_Task requirements_
Each line in the records that mentions the word "World" needs to be listed.

(Beginning of Provided data)

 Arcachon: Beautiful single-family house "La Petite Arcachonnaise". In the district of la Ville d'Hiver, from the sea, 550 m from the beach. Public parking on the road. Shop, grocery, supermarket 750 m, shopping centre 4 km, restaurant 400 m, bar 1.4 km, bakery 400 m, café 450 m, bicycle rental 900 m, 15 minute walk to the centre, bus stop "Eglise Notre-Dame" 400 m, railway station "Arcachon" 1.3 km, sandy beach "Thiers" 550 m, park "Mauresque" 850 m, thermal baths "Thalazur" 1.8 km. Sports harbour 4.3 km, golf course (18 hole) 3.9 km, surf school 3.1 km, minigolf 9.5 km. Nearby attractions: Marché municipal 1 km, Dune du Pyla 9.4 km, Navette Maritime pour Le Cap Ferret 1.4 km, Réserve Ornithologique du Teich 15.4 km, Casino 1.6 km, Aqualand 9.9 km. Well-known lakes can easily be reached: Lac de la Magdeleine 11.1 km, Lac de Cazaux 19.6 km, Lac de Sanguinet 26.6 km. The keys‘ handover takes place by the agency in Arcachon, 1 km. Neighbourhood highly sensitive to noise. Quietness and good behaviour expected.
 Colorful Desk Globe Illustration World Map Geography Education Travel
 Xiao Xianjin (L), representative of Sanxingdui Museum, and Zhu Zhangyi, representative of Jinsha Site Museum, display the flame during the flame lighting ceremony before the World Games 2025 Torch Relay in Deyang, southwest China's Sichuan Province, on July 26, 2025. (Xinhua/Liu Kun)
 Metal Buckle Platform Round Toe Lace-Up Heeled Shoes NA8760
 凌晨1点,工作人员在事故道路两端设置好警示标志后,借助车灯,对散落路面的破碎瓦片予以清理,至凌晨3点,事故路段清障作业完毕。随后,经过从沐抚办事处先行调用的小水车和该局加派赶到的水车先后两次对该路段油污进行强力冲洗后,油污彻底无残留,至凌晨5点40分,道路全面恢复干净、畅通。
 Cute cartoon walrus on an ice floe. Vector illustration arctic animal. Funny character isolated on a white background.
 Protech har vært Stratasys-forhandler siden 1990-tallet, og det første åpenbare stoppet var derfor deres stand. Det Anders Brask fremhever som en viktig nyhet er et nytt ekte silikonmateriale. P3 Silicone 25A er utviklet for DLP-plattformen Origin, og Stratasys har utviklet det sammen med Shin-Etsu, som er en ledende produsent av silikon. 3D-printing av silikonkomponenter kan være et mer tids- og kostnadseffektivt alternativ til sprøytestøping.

(End of Provided data)

_Solution to the exercise_
 Colorful Desk Globe Illustration World Map Geography Education Travel
 Xiao Xianjin (L), representative of Sanxingdui Museum, and Zhu Zhangyi, representative of Jinsha Site Museum, display the flame during the flame lighting ceremony before the World Games 2025 Torch Relay in Deyang, southwest China's Sichuan Province, on July 26, 2025. (Xinhua/Liu Kun)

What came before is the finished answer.